- [PROBLEM DETAILS]:
For this exercise, output the entries below exactly from the line that holds "The below table" to the line that holds "Home / Shop", both ends included. No pictures belong in the copy.

- [STORED DATA]:
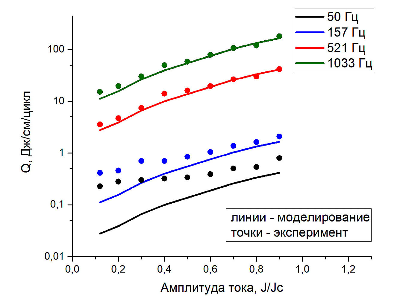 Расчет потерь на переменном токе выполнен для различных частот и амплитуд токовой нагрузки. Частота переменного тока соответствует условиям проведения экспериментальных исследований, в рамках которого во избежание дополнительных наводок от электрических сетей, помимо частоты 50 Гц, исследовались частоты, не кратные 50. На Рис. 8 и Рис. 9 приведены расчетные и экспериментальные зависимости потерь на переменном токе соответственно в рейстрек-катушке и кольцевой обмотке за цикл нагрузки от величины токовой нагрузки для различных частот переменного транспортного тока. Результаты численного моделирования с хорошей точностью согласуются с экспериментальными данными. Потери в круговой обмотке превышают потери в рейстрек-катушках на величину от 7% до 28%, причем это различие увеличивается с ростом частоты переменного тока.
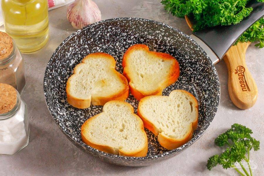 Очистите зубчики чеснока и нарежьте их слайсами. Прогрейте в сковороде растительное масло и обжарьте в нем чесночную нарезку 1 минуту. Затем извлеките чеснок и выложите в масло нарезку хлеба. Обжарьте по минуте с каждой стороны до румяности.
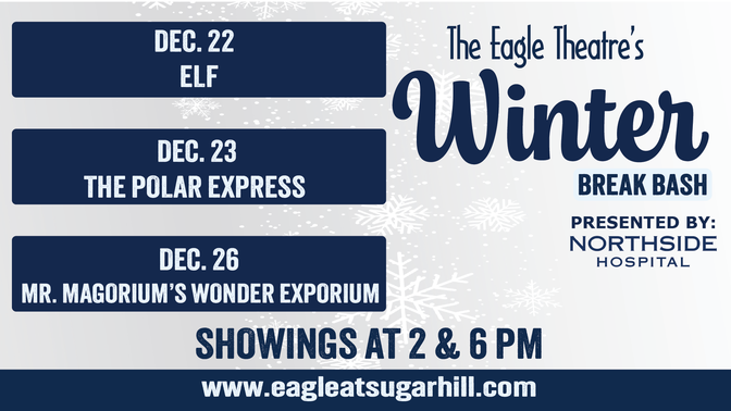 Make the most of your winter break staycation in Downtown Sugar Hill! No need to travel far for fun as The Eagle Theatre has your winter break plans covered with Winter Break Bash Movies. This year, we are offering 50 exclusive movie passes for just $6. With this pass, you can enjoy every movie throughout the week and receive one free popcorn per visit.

* * *

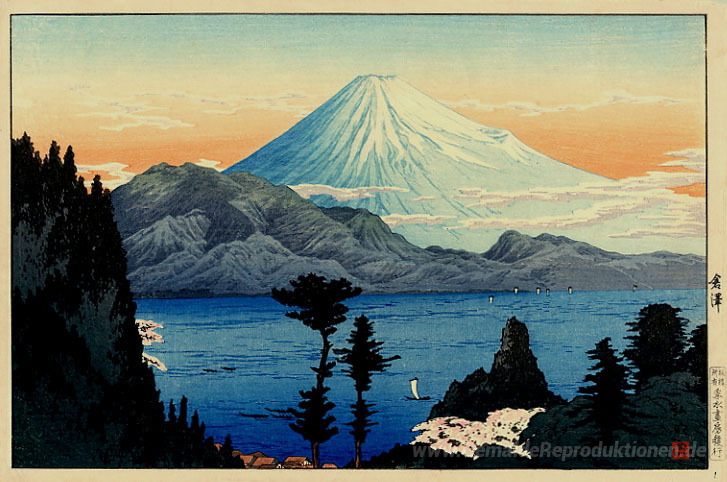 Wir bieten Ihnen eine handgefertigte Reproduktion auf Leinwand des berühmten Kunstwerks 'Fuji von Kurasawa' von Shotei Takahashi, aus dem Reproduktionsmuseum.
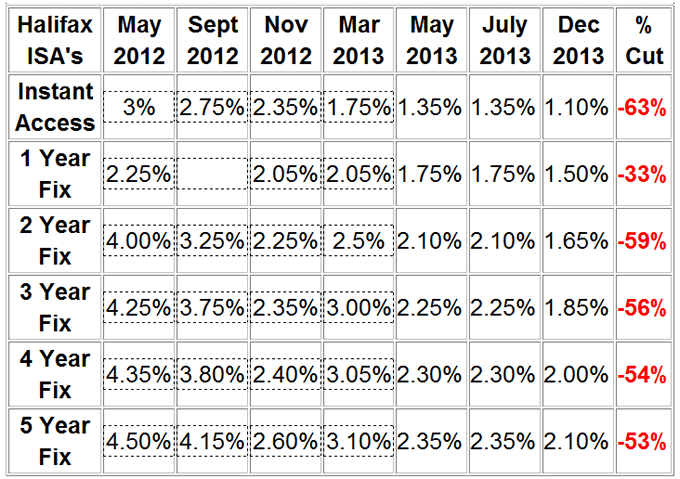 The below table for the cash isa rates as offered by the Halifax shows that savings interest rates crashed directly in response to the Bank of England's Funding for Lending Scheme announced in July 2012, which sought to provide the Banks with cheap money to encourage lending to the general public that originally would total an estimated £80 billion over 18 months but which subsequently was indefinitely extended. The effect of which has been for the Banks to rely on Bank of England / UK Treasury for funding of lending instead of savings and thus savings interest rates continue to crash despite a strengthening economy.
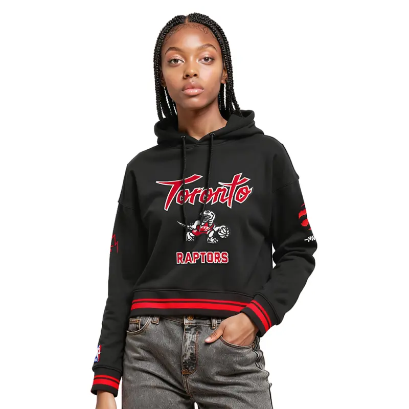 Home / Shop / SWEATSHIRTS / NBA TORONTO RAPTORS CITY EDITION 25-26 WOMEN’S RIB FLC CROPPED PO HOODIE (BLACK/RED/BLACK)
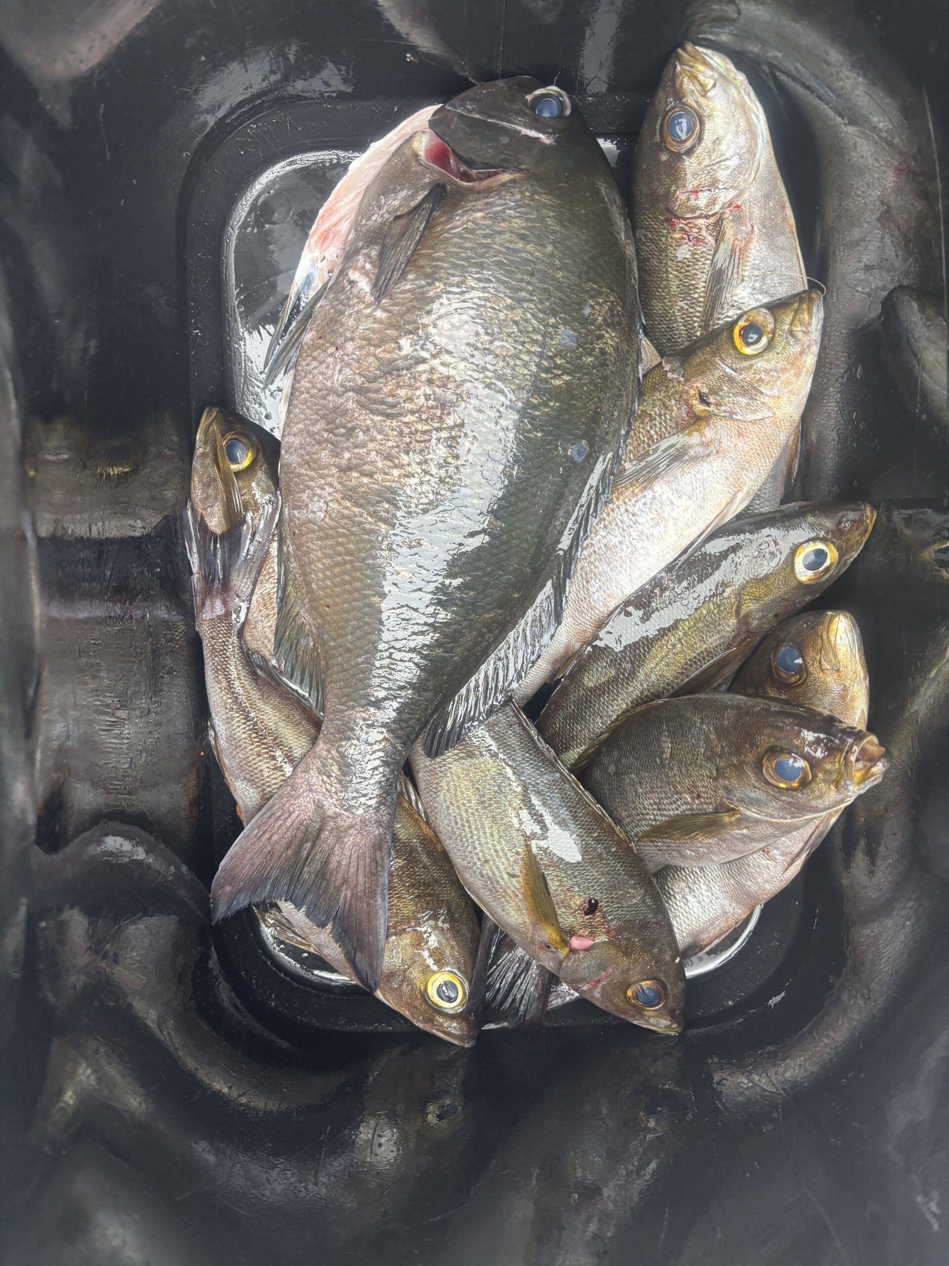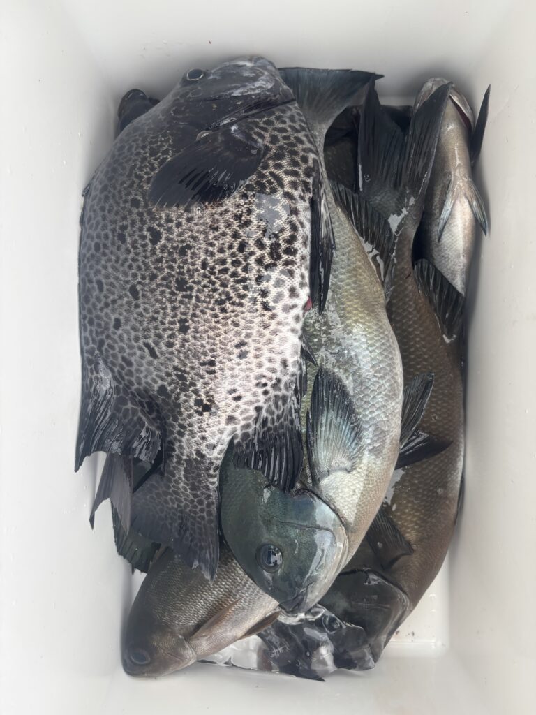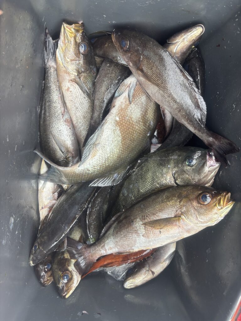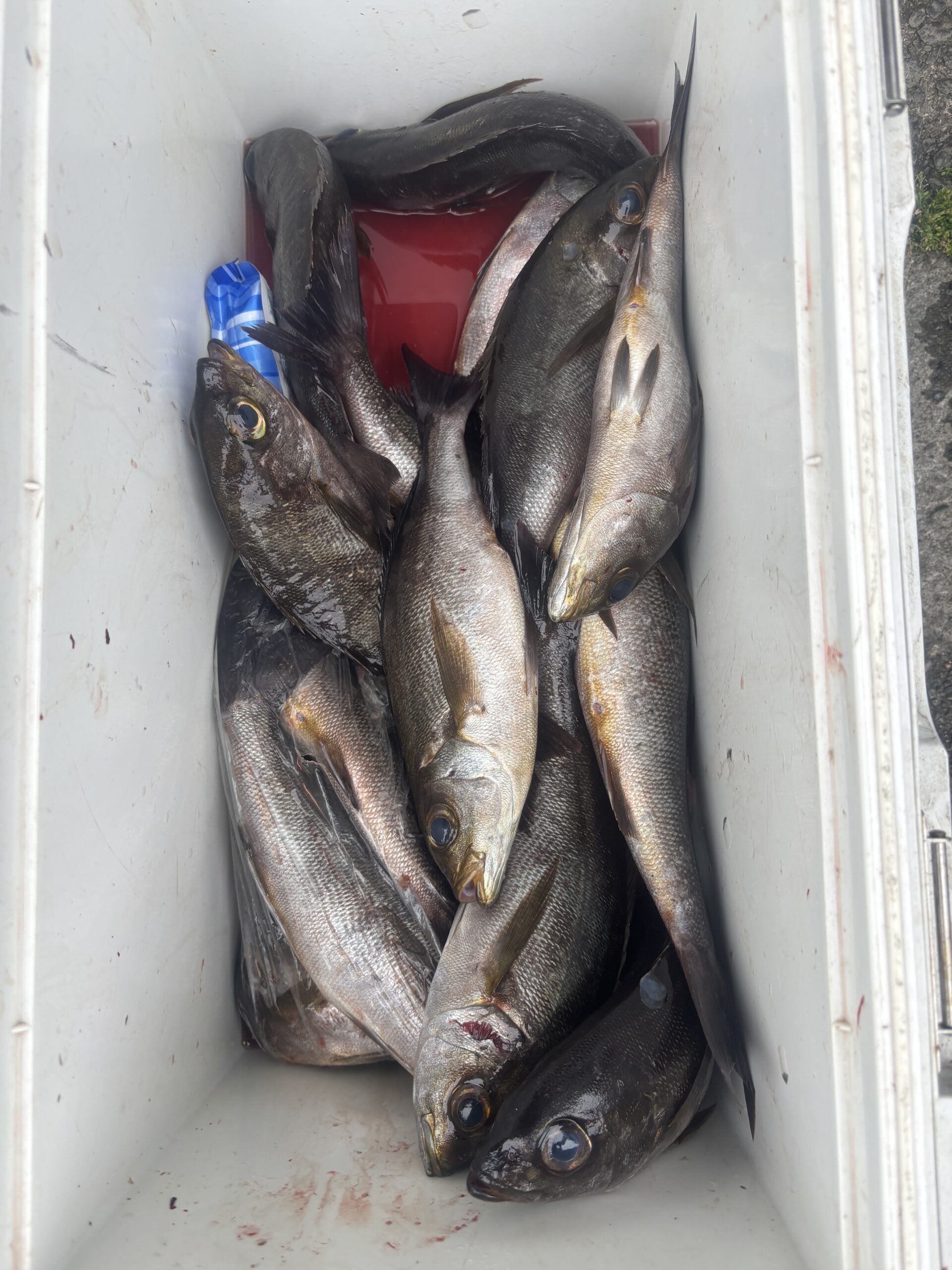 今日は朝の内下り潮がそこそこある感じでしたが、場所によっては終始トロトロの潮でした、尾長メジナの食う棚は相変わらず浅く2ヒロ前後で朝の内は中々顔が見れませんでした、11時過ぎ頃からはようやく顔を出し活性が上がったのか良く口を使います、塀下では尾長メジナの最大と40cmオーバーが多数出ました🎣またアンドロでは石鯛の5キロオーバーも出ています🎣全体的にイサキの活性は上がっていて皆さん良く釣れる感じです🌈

---

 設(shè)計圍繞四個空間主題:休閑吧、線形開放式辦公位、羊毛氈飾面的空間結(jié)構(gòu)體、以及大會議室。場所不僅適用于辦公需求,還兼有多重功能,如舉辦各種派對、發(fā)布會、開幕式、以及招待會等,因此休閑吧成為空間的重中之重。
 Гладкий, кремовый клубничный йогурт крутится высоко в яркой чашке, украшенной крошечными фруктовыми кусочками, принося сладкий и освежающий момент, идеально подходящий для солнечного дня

- [TASK RESULT]:
 The below table for the cash isa rates as offered by the Halifax shows that savings interest rates crashed directly in response to the Bank of England's Funding for Lending Scheme announced in July 2012, which sought to provide the Banks with cheap money to encourage lending to the general public that originally would total an estimated £80 billion over 18 months but which subsequently was indefinitely extended. The effect of which has been for the Banks to rely on Bank of England / UK Treasury for funding of lending instead of savings and thus savings interest rates continue to crash despite a strengthening economy.
 Home / Shop / SWEATSHIRTS / NBA TORONTO RAPTORS CITY EDITION 25-26 WOMEN’S RIB FLC CROPPED PO HOODIE (BLACK/RED/BLACK)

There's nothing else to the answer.